Nachrüstung älterer Diesel-Fahrzeuge amortisiert sich nach 10 Jahren

Die Wissenschaftler der Mercator-Stiftung gehen davon aus, dass etwa 200.000 ältere Diesel-Fahrzeuge nachgerüstet werden müssten, um in Umweltzonen einfahren zu dürfen. Laut ADAC kostet das Nachrüsten etwa 600 Euro pro Pkw. Somit entstehen Gesamtkosten von 120 Millionen Euro für das Nachrüsten der Autos.

"Es stehen also Ersparnisse von 16 Millionen im Jahr bei den Medikamentenausgaben. Außerdem gibt es einen Kostenblock, der einmalig anfällt, von 120 Millionen Euro fürs Nachrüsten. Wenn man auch Zinseseffekte mitrechnet, dann kommt man zu diesem Fazit: Nach knapp 10 Jahren sind diese Kosten wieder eingespielt durch Ersparnisse bei den Medikamentenausgaben." Nicolas Koch, Mercator Research Institute on Global Commons and Climate Change (MCC)
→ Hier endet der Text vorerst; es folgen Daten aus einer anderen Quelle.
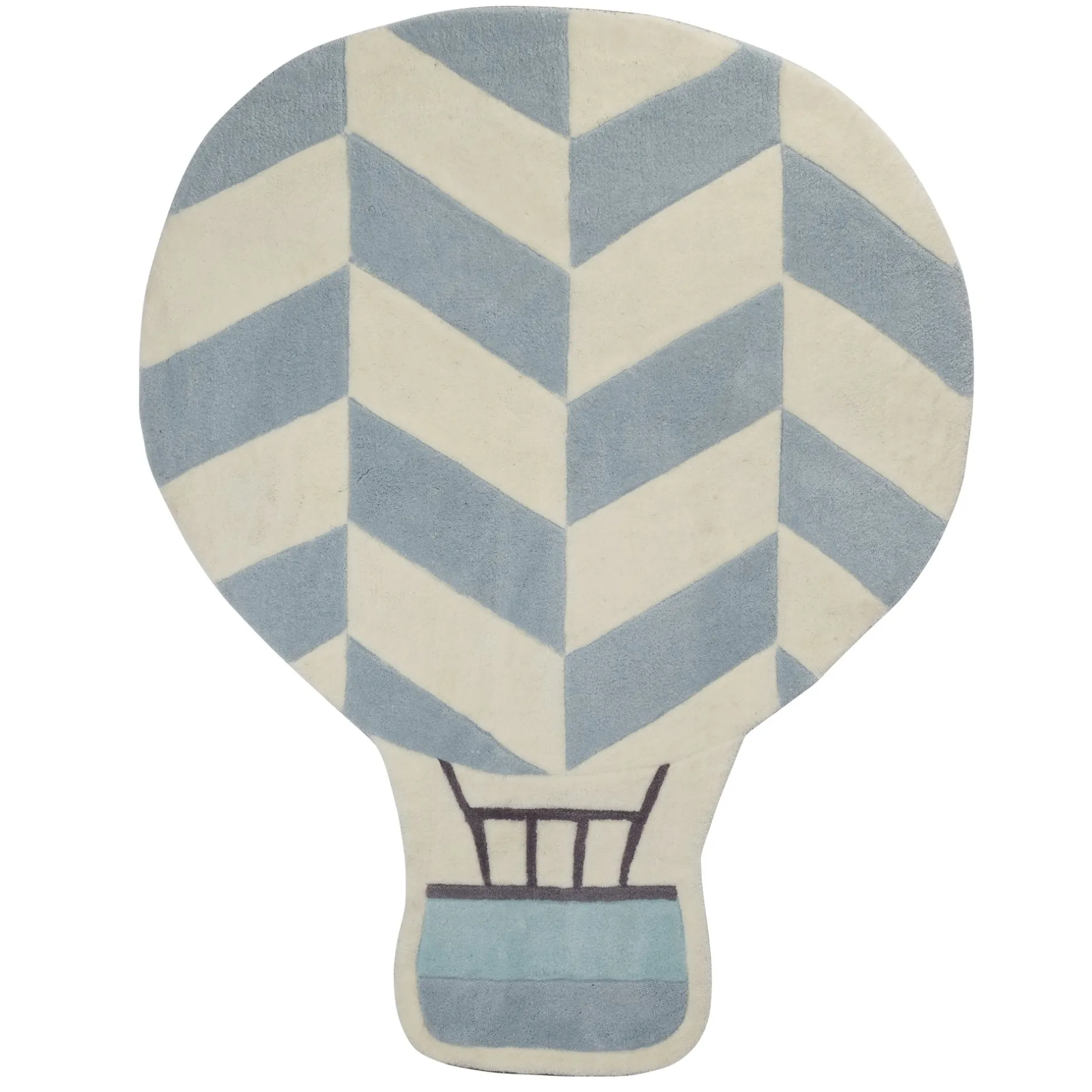 Tapis de chambre Lazare tufté main en forme de montgolfière. Il apportera une touche ludique et décorative à la pièce.

Umweltzonen reduzieren auch Krankenhauskosten

Nicht eingerechnet sind weitere Folgekosten, die bei besserer Luft vermieden werden: Etwa die Behandlung von Asthmatikern oder Herzkranken im Krankenhaus. Eine Studie vom 27. September 2019 veröffentlicht wurde, kam zu dem Ergebnis, dass Umweltzonen auch die Krankenhausaufenthalte der Risikogruppen kürzer machen oder ganz verhindern. Der Analyse zufolge reduzieren Umweltzonen die Fälle koronarer Herzkrankheiten um 5,3 Prozent und Asthma um 4,4, Prozent.
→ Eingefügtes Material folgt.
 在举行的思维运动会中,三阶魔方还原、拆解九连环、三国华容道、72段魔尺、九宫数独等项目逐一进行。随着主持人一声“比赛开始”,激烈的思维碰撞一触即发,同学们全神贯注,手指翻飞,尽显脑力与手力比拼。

"Man muss bedenken, dass weitere Kostenbereiche dazukommen, die auch reduziert werden und damit lohnt sich die Einführung einer Umweltzone noch deutlicher." Nico Pestel, Institute of Labor Economics, Programmbereich Umwelt, Gesundheit und Arbeitsmärkte

Kritik an Umweltzonen

Mittlerweile haben elf Länder in Europa über 300 Umweltzonen eingerichtet, um nach Möglichkeit vorgeschriebene Grenzwerte für die Luftqualität einzuhalten. Kritiker halten die Schadstoff-Einsparungen durch Umweltzonen für zu gering und plädieren für deren Abschaffung.
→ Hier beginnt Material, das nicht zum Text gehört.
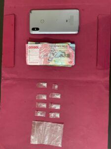 Tersangka diamankan beserta barang bukti berupa 08 (delapan) Paket Narkotika jenis sabu yang dibungkus Plastik klip warna Putih Bening, 1 (satu) lembar plastik klip warna putih bening, Uang tunai sebesar Rp. 303.000,- (tiga ratus tiga ribu rupiah), dan 1 (satu) unit Handphone merk Xiaomi warna ungu.

"Umweltzonen verfehlen ihren Zweck und verursachen lediglich einen unverhältnismäßig großen Verwaltungsaufwand sowie zusätzliche Einschränkungen und Kosten für Autofahrer." ADAC-Untersuchung zur Wirksamkeit von Umweltzonen

Gute Luft fördert die Konzentrationsfähigkeit

Andere Studien belegen, dass die Arbeitsproduktivität bei guter Luft zunimmt. Auch Fußballspieler, Schüler und Schachspieler können sich bei geringer Feinstaubkonzentration besser konzentrieren und bringen messbar bessere Leistungen. Die aktuelle Studie, die zeigt, dass sich Ausgaben für Medikamente durch Umweltzonen reduzieren, gehört zu den wenigen Analysen, die den monetären Nutzen von Umweltzonen beleuchten.